In this paper, we re-implement some existing popular domain generalization algorithms for comparisons under the same training conditions. Specifically, we re-implement the TENT [34], BIN [19], DSU [20], Frequency Amplitude Normalization (AmpNorm) [36, 37], SAN [35] and EFDMix [40]. We also evaluate the stain normalization [38] and stain mix-up [39] methods that are popular in pathological image analysis. Their performances are presented in Table 2. DARC_all replaces all normalization layers with DAIN, while DARC_enc replaces the normalization layers in the encoder with DAIN and uses BN in its decoder. As shown in Table 2, DARC_enc achieves the best average performance among all methods. Specifically, DARC_enc improves the baseline model’s average AJI and Dice scores by $4.81\%$ and $7.04\%$. Compared with the other domain generalization methods, DAIN, DAIN w/o Ratio, DARC_all and DARC_enc achieve impressive performances on BC-DeepLIIF, which justify that re-estimating the instance-wise statistics is important for improving the domain generalization ability of models trained on BC-DeepLIIF. Qualitative comparisons are presented in Fig. 3. Moreover, the complexity analysis between the baseline model and DARC_enc is presented in Table 3.

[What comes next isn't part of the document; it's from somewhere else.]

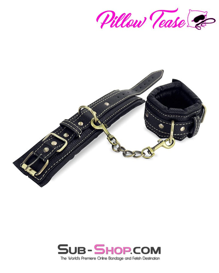 Deliciously decadent, these cuffs wrap around your wrists tightly, but super-comfortably, trapping your wrists in their sexy embrace. When you're looking for the perfect pair, you can't go wrong with our Thick Padded Wrist Bondage Cuffs with Brass Tone Hardware!
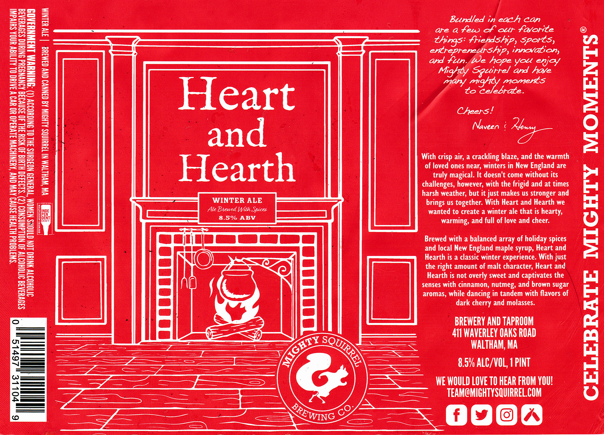 With crisp air, a crackling blaze, and the warmth of loved ones near, winters in New England are truly magical. It doesn't come without its challenges, however, with the frigid and at times harsh weather, but it just makes us stronger and brings us together. With Heart and Hearth, we wanted to create a winter ale that is hearty, warming, and full of love and cheer.

We separately evaluate the effectiveness of RC and DAIN, and present the results in Table 2. Also, we train a variant model without foreground-background ratio prediction, which is denoted as ‘DAIN w/o Ratio’ in Table 2. Compared with the baseline model, RC improves the average AJI and Dice scores by 1.41$\%$ and 2.59$\%$, and DAIN improves the average AJI and Dice scores by 1.13$\%$ and 4.08$\%$. Compared with the variant model without foreground-background ratio prediction, DAIN improves the average AJI and Dice scores by 0.90$\%$ and 3.74$\%$. Finally, the combinations of RC and DAIN, i.e., DARC_all and DARC_enc, achieve the best average scores. As shown in Table 2, DARC_enc improves DARC_all by 1.24$\%$ and 0.77$\%$ on AJI and Dice scores respectively. This is because after the operations by RC and DAIN in the encoder, the obtained feature maps are much more robust to the domain gaps, which enables the decoder to adopt the fixed statistics maintained during training. Moreover, using the fixed statistics is helpful to prevent the decoder from the influence of varied foreground-background ratios on feature statistics.